══ Records ══

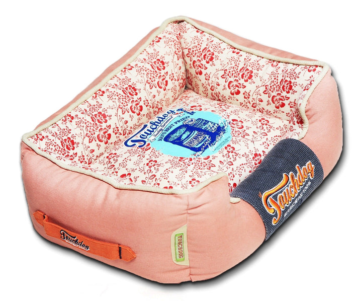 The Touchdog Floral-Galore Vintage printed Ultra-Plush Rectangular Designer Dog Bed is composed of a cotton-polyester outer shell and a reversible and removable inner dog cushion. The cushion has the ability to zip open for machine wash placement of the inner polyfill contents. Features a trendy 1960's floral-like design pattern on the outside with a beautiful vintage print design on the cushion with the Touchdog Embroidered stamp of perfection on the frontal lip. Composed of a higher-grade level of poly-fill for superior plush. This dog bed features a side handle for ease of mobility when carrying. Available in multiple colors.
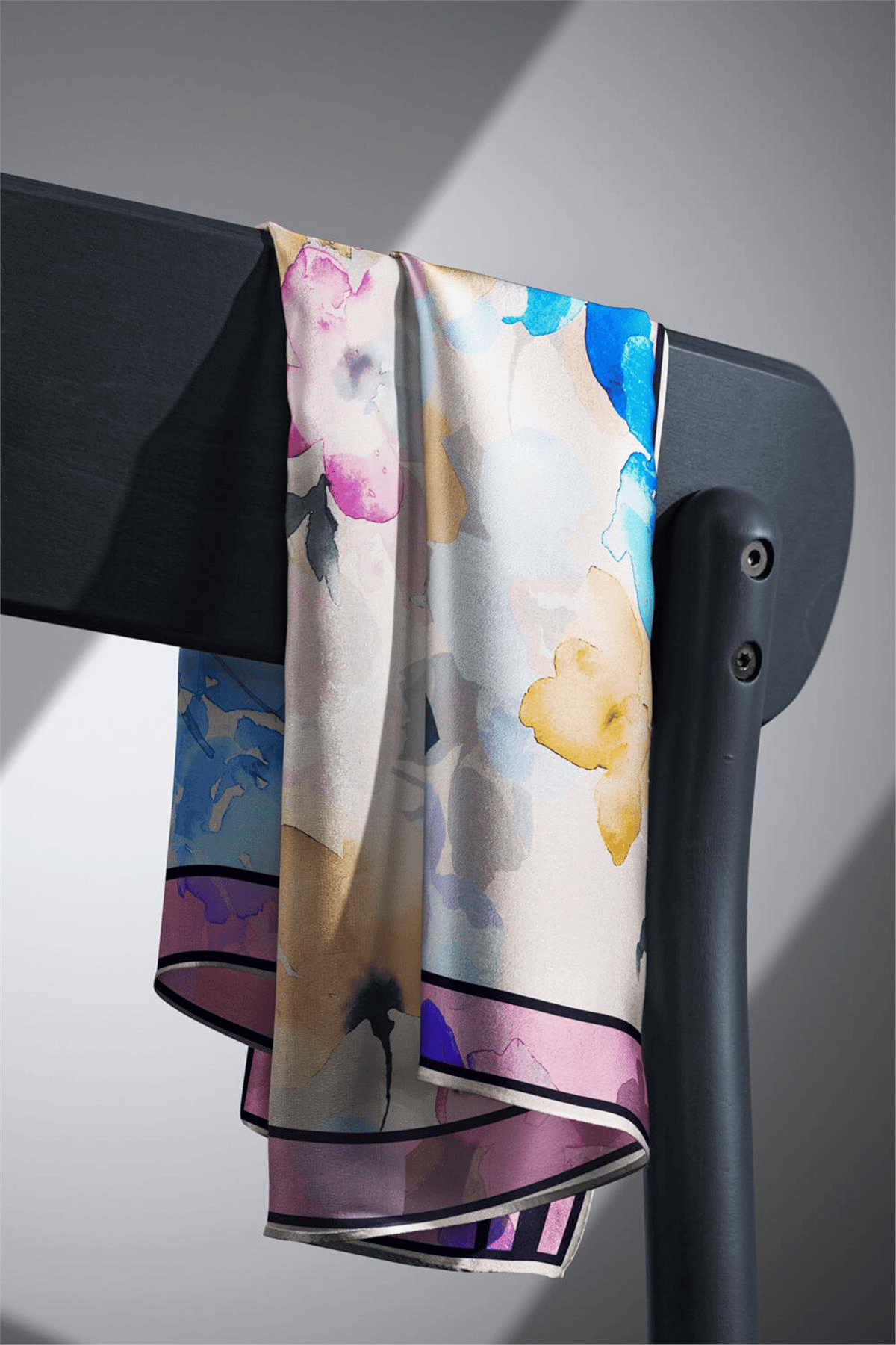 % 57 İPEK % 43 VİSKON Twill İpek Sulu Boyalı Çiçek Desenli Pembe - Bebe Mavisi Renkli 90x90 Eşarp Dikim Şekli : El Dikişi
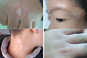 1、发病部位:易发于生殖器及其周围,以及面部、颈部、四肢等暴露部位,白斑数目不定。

═══
══ Records ══

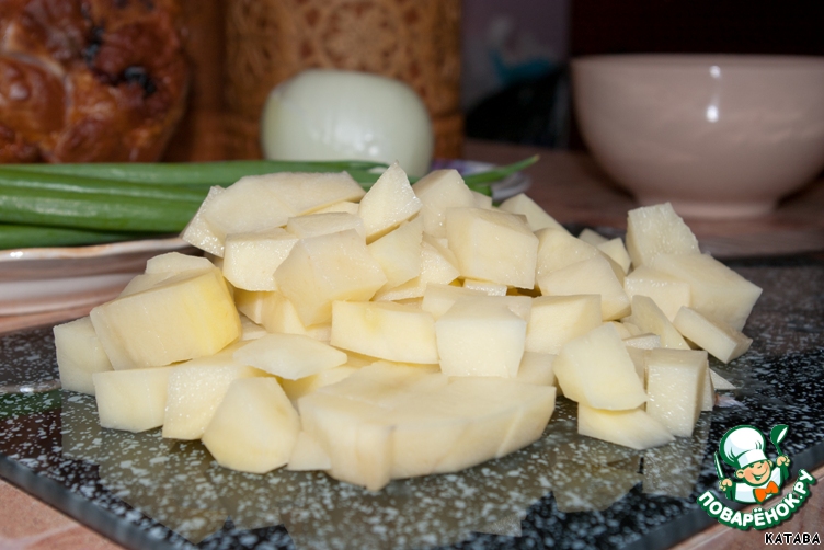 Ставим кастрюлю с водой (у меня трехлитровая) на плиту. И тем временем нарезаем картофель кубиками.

═══

For the entries above, print exactly the lines between the one with "Şekli : El Dikişi" and the one with "1、发病部位:易发于生殖器及", inclusive, with no pictures.

 % 57 İPEK % 43 VİSKON Twill İpek Sulu Boyalı Çiçek Desenli Pembe - Bebe Mavisi Renkli 90x90 Eşarp Dikim Şekli : El Dikişi
 1、发病部位:易发于生殖器及其周围,以及面部、颈部、四肢等暴露部位,白斑数目不定。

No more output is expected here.